INSTRUCTIONS TO FOLLOW =
Scan the listing below and copy every line holding "プレイヴィル".

-=-=-

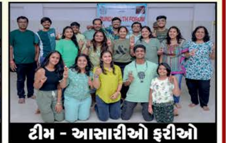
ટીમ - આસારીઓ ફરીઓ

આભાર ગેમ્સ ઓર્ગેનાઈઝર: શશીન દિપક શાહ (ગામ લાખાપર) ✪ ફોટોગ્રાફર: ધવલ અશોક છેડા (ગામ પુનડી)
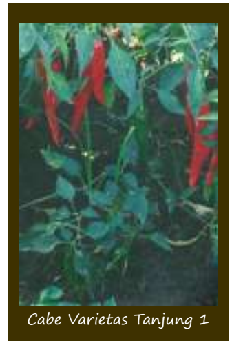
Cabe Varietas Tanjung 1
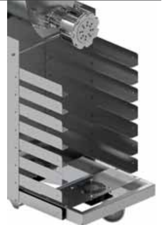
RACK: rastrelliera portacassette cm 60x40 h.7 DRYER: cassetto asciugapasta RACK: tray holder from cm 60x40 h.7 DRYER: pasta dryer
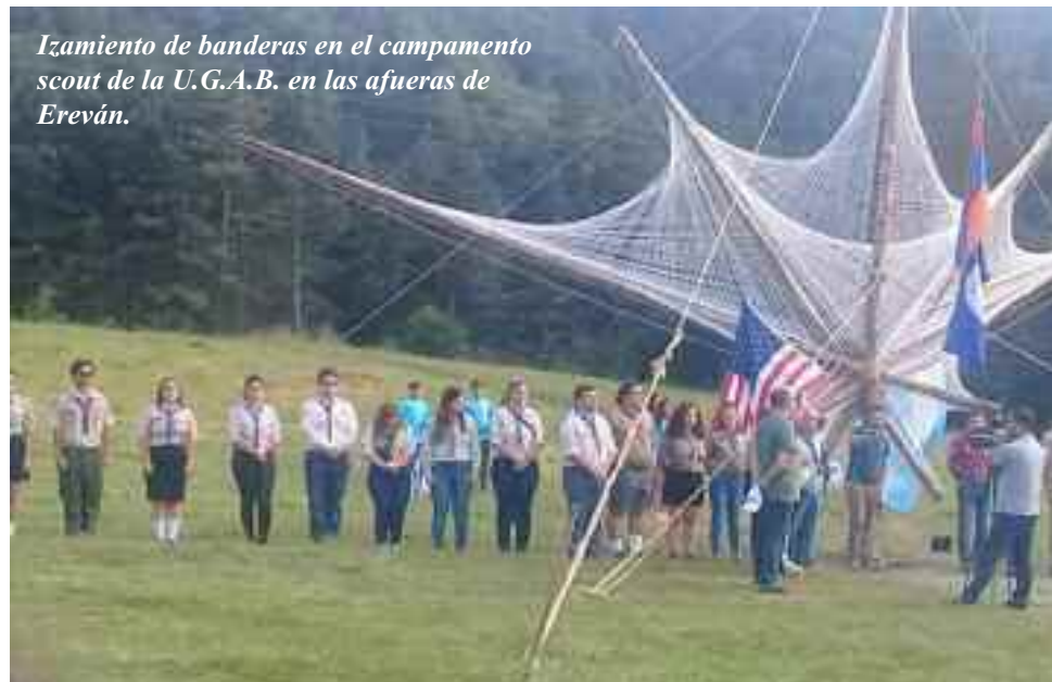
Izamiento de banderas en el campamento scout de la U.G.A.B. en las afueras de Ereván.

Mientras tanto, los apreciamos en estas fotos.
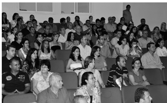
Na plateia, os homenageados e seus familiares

-=-=-

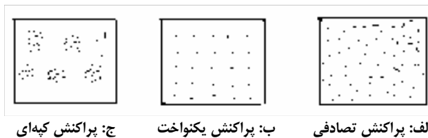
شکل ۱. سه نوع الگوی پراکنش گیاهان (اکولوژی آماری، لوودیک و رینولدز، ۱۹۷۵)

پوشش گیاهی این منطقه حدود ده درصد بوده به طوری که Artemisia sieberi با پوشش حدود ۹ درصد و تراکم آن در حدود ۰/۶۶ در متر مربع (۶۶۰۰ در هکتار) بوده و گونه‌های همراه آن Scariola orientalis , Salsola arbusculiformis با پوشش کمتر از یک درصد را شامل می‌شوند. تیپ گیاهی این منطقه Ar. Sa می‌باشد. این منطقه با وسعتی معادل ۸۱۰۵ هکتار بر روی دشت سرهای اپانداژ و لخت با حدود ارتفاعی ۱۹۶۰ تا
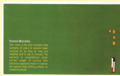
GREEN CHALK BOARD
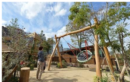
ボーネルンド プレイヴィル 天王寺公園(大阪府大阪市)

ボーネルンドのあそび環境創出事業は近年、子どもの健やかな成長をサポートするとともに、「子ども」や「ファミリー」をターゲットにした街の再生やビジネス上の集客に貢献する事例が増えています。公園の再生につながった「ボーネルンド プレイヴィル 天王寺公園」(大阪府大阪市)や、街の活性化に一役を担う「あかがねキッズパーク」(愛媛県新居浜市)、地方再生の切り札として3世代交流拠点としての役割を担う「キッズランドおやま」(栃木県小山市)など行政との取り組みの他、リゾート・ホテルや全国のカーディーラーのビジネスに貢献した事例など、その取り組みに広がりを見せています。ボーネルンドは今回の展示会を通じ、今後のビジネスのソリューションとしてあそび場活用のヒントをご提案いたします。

-=-=-

WORKED SOLUTION =
ボーネルンド プレイヴィル 天王寺公園(大阪府大阪市)
ボーネルンドのあそび環境創出事業は近年、子どもの健やかな成長をサポートするとともに、「子ども」や「ファミリー」をターゲットにした街の再生やビジネス上の集客に貢献する事例が増えています。公園の再生につながった「ボーネルンド プレイヴィル 天王寺公園」(大阪府大阪市)や、街の活性化に一役を担う「あかがねキッズパーク」(愛媛県新居浜市)、地方再生の切り札として3世代交流拠点としての役割を担う「キッズランドおやま」(栃木県小山市)など行政との取り組みの他、リゾート・ホテルや全国のカーディーラーのビジネスに貢献した事例など、その取り組みに広がりを見せています。ボーネルンドは今回の展示会を通じ、今後のビジネスのソリューションとしてあそび場活用のヒントをご提案いたします。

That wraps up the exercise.